Iii Deep Learning in MBD Analytics

Fig. 2: Generative layer-wise training of a deep model. Each layer applies nonlinear transformation to its input vector and produces intrinsic features at its output.

Deep learning is a new branch of machine learning which can solve a broad set of complex problem in MBD analytics, e.g., classification and regression. A deep learning model consists of simulated neurons and synapses which can be trained to learn hierarchical features from existing MBD samples. The resulting deep model can generalize and process unseen streaming MBD samples.

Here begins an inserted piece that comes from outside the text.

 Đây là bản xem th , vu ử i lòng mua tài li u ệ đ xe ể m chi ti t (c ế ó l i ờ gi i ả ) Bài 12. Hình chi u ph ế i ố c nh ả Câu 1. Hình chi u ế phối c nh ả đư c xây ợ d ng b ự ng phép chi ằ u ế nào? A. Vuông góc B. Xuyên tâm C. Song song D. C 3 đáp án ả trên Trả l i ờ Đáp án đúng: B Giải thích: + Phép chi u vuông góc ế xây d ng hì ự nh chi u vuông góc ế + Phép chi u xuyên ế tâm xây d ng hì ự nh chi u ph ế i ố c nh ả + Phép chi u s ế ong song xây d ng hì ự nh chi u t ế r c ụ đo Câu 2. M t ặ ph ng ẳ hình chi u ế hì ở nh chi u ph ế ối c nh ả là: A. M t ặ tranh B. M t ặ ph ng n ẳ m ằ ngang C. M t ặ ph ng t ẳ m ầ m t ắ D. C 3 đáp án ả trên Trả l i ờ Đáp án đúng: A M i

For simplicity, we present a general discussion of deep learning methods without focusing on the derivations of particular techniques. Nonetheless, we refer interested readers to more technical papers of deep belief networks [6] and stacked denoising autoencoders [7]. A deep model can be scaled to contain many hidden layers and millions of parameters which are difficult to be trained at once. Instead, greedy layer-by-layer learning algorithms [6, 7] were proposed which basically work as follows:

  1. Generative layer-wise pre-training: This stage requires only unlabeled data which is often abundant and cheap to collect in mobile systems using crowdsourcing. Figure 2 shows the layer-wise tuning of a deep model. Firstly, one layer of neurons is trained using the unlabeled data samples. To learn the input data structure, each layer includes encoding and decoding functions: The encoding function uses the input data and the layer parameters to generate a set of new features. Then, the decoding function uses the features and the layer parameters to produce a reconstruction of the input data. As a result, a first set of features is generated at the output of the first layer. Then, a second layer of neurons is added at the top of the first layer, where the output of the first layer is fed as input of the second layer. This process is repeated by adding more layers until a suitable deep model is formed. Accordingly, more complex features are learned at each layer based on the features that were generated at its lower layer.

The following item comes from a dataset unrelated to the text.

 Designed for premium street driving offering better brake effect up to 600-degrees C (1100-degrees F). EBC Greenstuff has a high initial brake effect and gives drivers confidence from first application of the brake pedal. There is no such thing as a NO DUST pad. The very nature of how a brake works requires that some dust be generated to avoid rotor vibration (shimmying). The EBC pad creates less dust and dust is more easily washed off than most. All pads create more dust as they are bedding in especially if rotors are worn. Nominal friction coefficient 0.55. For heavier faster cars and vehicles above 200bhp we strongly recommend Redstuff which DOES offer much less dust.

  2. Discriminative fine-tuning: The model’s parameters which were initialized in the first step are then slightly fine-tuned using the available set of labeled data to solve the problem at hand.

Iii-a Deep Learning Advantages in MBD Analytics

Deep learning provides solid learning models for MBD analytics. This argument can be supported with the following advantages of using deep learning in MBD analytics:

  • Deep learning scores high-accuracy results which are a top priority for growing mobile systems. High-accuracy results of MBD analytics are required for sustainable business and effective decisions. For example, a poor fraud detection results in expensive loss of income for mobile systems. Deep learning models have been reported as state-of-the-art methods in solving many MBD tasks. For example, the authors in [8] propose a method for indoor localization using deep learning and channel state information. In [9], deep learning is successfully applied to inference tasks in mobile sensing, e.g., activity and emotion recognition, and speaker identification.

  • Deep learning generates intrinsic features which are required in MBD analytics. A feature is a measurement attribute extracted from sensory data to capture the underlying phenomenon being observed and enable more effective MBD analytics. Deep learning can automatically learn high-level features from MBD, eliminating the need for handcrafted features in conventional machine learning methods.

  • Deep Learning can learn from unlabeled mobile data which minimizes the data labeling effort. In most mobile systems, labeled data is limited, as manual data annotation requires expensive human intervention which is both costly and time consuming. On the other hand, unlabeled data samples are abundant and cheap to collect. Deep learning models utilize unlabeled data samples for generative data exploration during a pre-training stage. This minimizes the need for labeled data during MBD analytics.

  • Multimodal deep learning. The “variety” aspect of MBD leads to multiple data modalities of multiple sensors (e.g., accelerometer samples, audio, and images). Multimodal deep learning [10] can learn from multiple modalities and heterogeneous input signals.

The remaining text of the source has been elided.